Oltre all’esigenza di delimitare il campo discorsivo, tali scelte ci sembrano suggerite dal taglio della stessa domanda e, soprattutto, dalla presenza di una profonda riflessione sulla medicina e sulle scienze della vita attuata da Michel Foucault e Jacques Derrida nel corso di tutta la loro opera. Il loro pensiero, a torto definito spregiativamente postmoderno ed erroneamente considerato ostile alle scienze, ha permesso di comprendere questo vastissimo campo di saperi spesso trascurato dalle epistemologie e delle storie della scienza più celebri nella seconda metà del Novecento. Anche se la loro non è una domanda tradizionale sul metodo o sulla verificabilità o falsificabilità empirica o sperimentale in medicina, certamente essi si sono interrogati a lungo sulle condizioni di possibilità delle scienze. La risposta alla domanda Esiste una scienza postmoderna resta invece da scoprire.

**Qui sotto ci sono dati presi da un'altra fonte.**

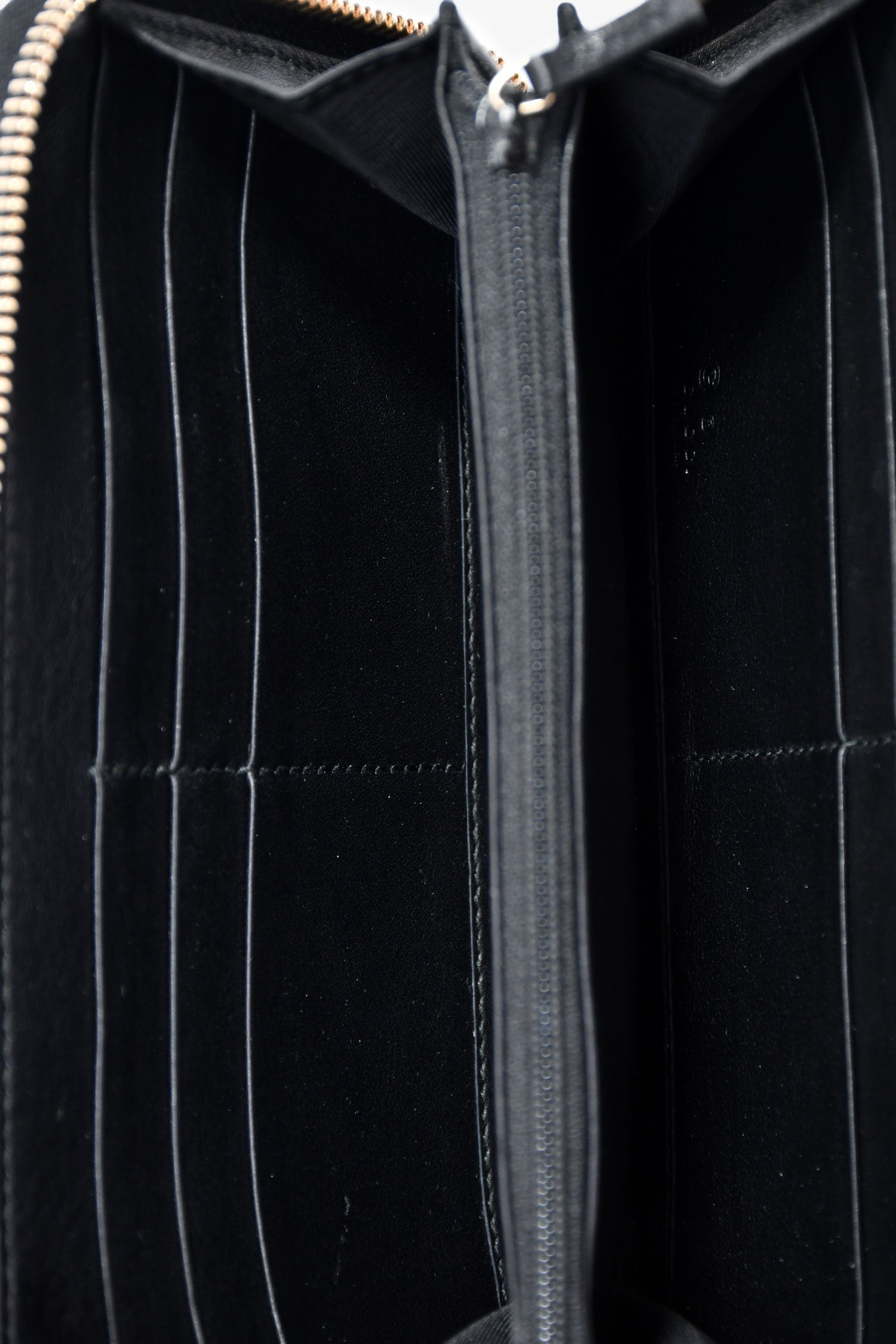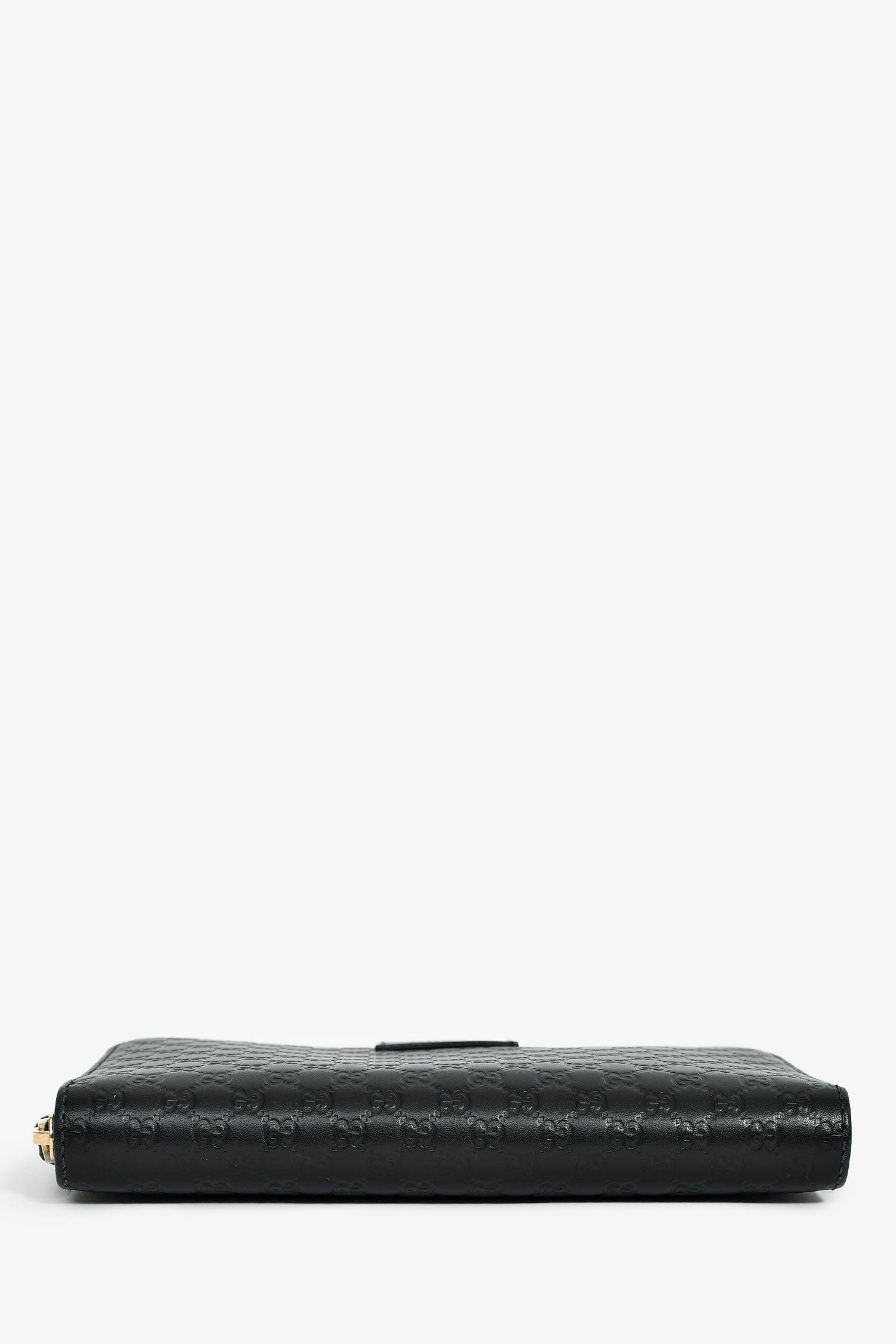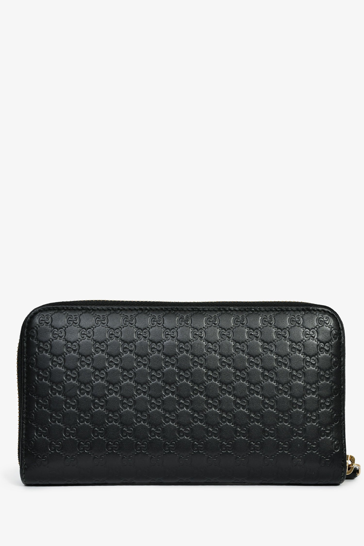 Gucci Black Leather Microguccissima Zip Around Wallet. Zip closure. 2 interior compartments; 1 coin pouch and 12 card slots. Gold-tone hardware. Tonal stitching.

 Eliana Villalta e Piero Cappelletti

Eliana Villalta insegna Storia e Filosofia nel Liceo Scientifico di San Vito al Tagliamento. Si è laureata presso l’Università di Bologna con Enzo Melandri, presentando una tesi sulla fantasia nel De Anima di Aristotele. Dopo la laurea ha collaborato continuativamente con la Sezione Friuli-Venezia Giulia, nella quale ricopre ruoli organizzativi, direttivi e redazionali. Alcuni suoi articoli sono apparsi nella rivista “Edizione”. È recentemente uscito presso l’editore Mimesis l’ultimo volume dei Quaderni della Rivista “Edizione”, Animali, uomini e oltre, da lei curato insieme a C. Furlanetto.

 

Piero Cappelletti, medico, è stato a lungo Primario del Laboratorio di Patologia Clinica dell’Ospedale di Pordenone e Direttore del Dipartimento di Medicina di Laboratorio. Attualmente è Direttore Generale del CRO di Aviano. È stato Professore a contratto presso la Facoltà di Medicina di Udine per diversi anni e si è dedicato all’attività scientifica, anche come Presidente Nazionale della Società Italiana di Medicina di Laboratorio. Da 7 anni è Direttore Responsabile della “Rivista Italiana della Medicina di Laboratorio”, Springer Editore. Attualmente è al secondo mandato come Presidente dell’Ordine dei Medici, chirurghi ed odontoiatri della Provincia di Pordenone.